The current system (top) does not learn from user feedback, leading to the same errors to reappear and requiring repeated corrections (e.g., 14 prompts to add the missing cards), which leads to substantial annotation time (e.g., 5.62 mins). In contrast, our LIT-LoRA method continuously adapts to user correction input and generalizes to similar future errors, reducing the number of required corrections (e.g., down to 4) and user annotation time (e.g., down to 3.18 mins).

Abstract

Interactive video segmentation often requires many user interventions for robust performance in challenging scenarios (e.g., occlusions, object separations, camouflage, etc.). Yet, even state-of-the-art models like SAM2 use corrections only for immediate fixes without learning from this feedback, leading to inefficient, repetitive user effort.

To address this, we introduce Live Interactive Training (LIT), a novel framework for prompt-based visual systems where models also learn online from human corrections at inference time. Our primary instantiation, LIT-LoRA, implements this by continually updating a lightweight LoRA module on-the-fly. When a user provides a correction, this module is rapidly trained on that feedback, allowing the vision system to improve performance on subsequent frames of the same video. Leveraging the core principles of LIT, our LIT-LoRA implementation achieves an average 18-34% reduction in total corrections on challenging video segmentation benchmarks, with a negligible training overhead of ~0.5s per correction. We further demonstrate its generality by successfully adapting it to other segmentation models and extending it to CLIP-based fine-grained image classification.
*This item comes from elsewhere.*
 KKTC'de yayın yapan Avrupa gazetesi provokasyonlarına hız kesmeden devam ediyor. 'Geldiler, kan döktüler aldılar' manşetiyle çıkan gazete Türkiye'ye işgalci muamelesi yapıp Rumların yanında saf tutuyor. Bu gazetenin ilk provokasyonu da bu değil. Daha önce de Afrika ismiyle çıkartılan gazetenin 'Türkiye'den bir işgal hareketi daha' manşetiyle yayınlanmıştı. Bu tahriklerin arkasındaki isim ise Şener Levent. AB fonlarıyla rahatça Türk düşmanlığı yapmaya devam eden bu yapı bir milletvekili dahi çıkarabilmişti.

Our work highlights the promise of live adaptation to transform interactive tools and significantly reduce redundant human effort in complex visual tasks.
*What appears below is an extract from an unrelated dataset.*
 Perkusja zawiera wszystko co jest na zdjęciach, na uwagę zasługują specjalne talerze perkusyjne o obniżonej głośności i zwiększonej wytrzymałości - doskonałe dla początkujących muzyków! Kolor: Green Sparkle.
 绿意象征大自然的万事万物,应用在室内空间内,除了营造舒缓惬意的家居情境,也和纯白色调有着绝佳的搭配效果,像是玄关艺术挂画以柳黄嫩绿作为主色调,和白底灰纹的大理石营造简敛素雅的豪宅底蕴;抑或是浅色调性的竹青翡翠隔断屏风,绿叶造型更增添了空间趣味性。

Motivation - User Interaction Pattern

User interaction patterns and the impact across datasets. (a) The number of user corrections follows a clear long-tailed distribution: a small fraction of challenging videos accounts for the majority of interactions. (b) The challenging cases (≥ 10 corrections) require substantially more user inputs than the dataset average. (c) User feedback consistently improves segmentation performance, especially for the challenging subset. (d) Corrections are not uniformly distributed in time; most prompts occur in the early to late portions of each sequence, indicating the recurrence of errors.
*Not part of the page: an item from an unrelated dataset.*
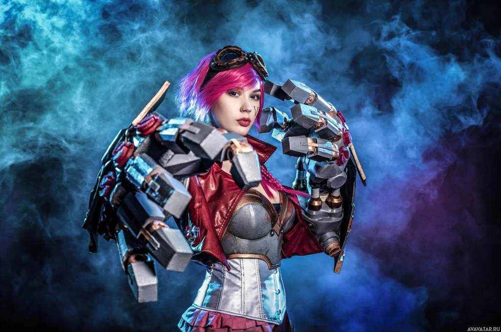 The image shows a person dressed in cosplay, portraying the character Vi from "

Intuition: User corrections are important for improving performance, especially for the challenging subset. But errors repeat frequently, which is why we need to learn from them.

Methods

Left: Overview of the LIT-LoRA framework on VOS. As the video progresses, segmentation errors may arise. When the user provides a correction (which can be time-consuming), the correction is used to train a LoRA module on-the-fly. The LoRA module is then consulted for later errors: if its prediction meets the validation criterion, it is accepted to correct the error; otherwise, the adapter is further refined using the latest correction. Right: LIT LoRA module illustration.